Looks like 2008 might be a pretty good year for film. For me, the top 3 most anticipated of the truly new releases are those in boldface, but if I missed some obvious ones, let me know!

12.22.2007

The Darjeeling Limited


It might have been by virtue of lowered expectations, but I kind of loved Anderson's latest. Oh, I understand all the criticisms, even agree with most, but I don't really care: I like spending time in Andersonland, and he does, here, try a few new things. His frames are still filled to the brim with knick-knacks and his compositions are sometimes overly precious, but this film is quite a bit shaggier than his previous ones, and true emotion manages to wiggle itself into those unfinished spaces.

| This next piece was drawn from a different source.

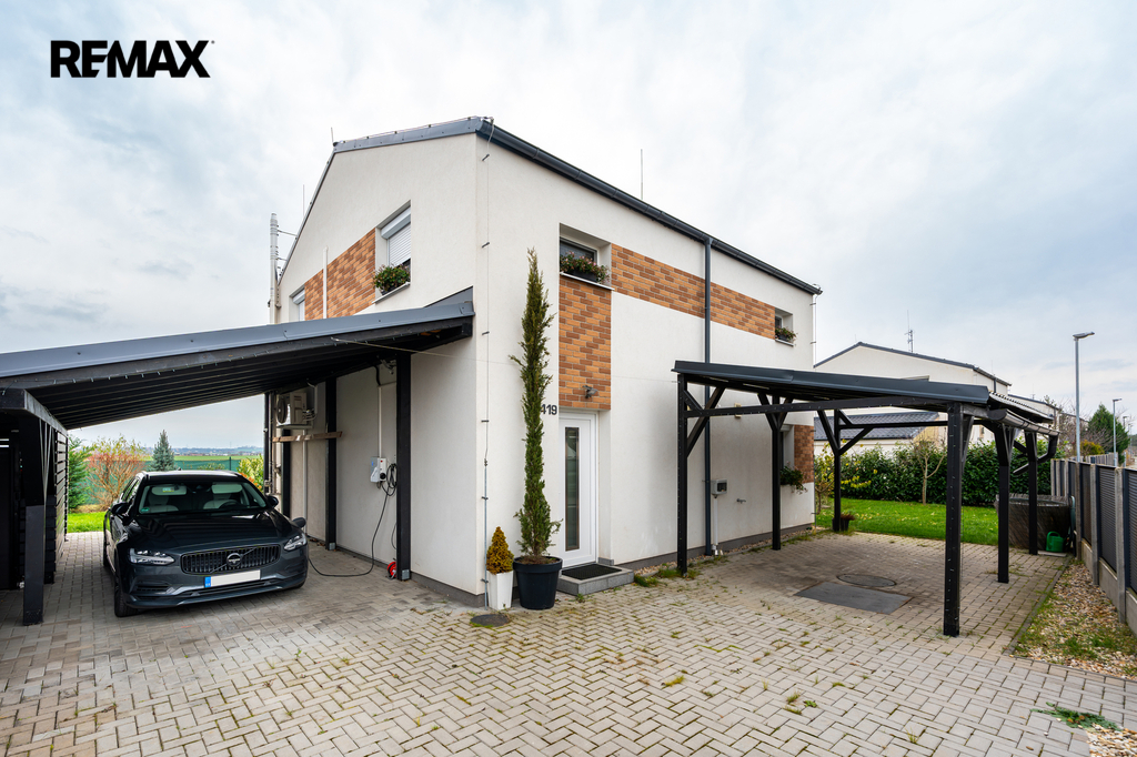 Moderní pasivní dům 5+kk s FVE 8kWh, baterií 11,6 kWh, wallboxem a parkováním až pro 5 aut.
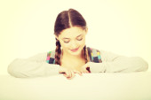 Zdjęcie "młoda kobieta z pustym billboardem." może być wykorzystywane do celów osobistych i komercyjnych zgodnie z warunkami zakupionej licencji Royalty-free. Obraz jest dostępny do pobrania w jakości wysokiej rozdzielczości do 5760x3840.

I don't think anyone has ever used Adrian Brody's awkward, gangly body so effectively. When he runs past Bill Murray to catch the train, it's a moment of pure comedy, almost a cartoon. But the relationship between the brothers is anything but cartoonish. Owen Wilson is more vulnerable here than he's ever been, without an ounce of smugness, and Schwartzman proves yet again that he's the ultimate Andersonlander, and most importantly you can believe them as brothers. Their dynamic is what keeps this film together.

Of course, I should probably address what happens after the brothers get kicked off the train. Quite a few critics felt the moment was undeserved. I'm not sure, also because (darn my addiction to review-reading) I knew what was coming. It certainly was a break with the rest of the film, but it didn't feel jarring, like the ending of the Life Aquatic did to me, and the flashback it leads to is probably the most mature thing Anderson's ever done.

So, yes, ok, when they got rid of their metaphorical luggage, I did think: "but there's one of those really cool Bose iPod speakers in there!", and it would be interesting to see what Anderson would do back on planet earth. But -while this film isn't quite a return to form- I enjoyed it immensely. Call me a hipster. I'd move to Andersonland anytime.

And really, how can you not walk out with a smile when over the credits, a long shot from an Indian train, you hear "Oh, Champs-Elysées"?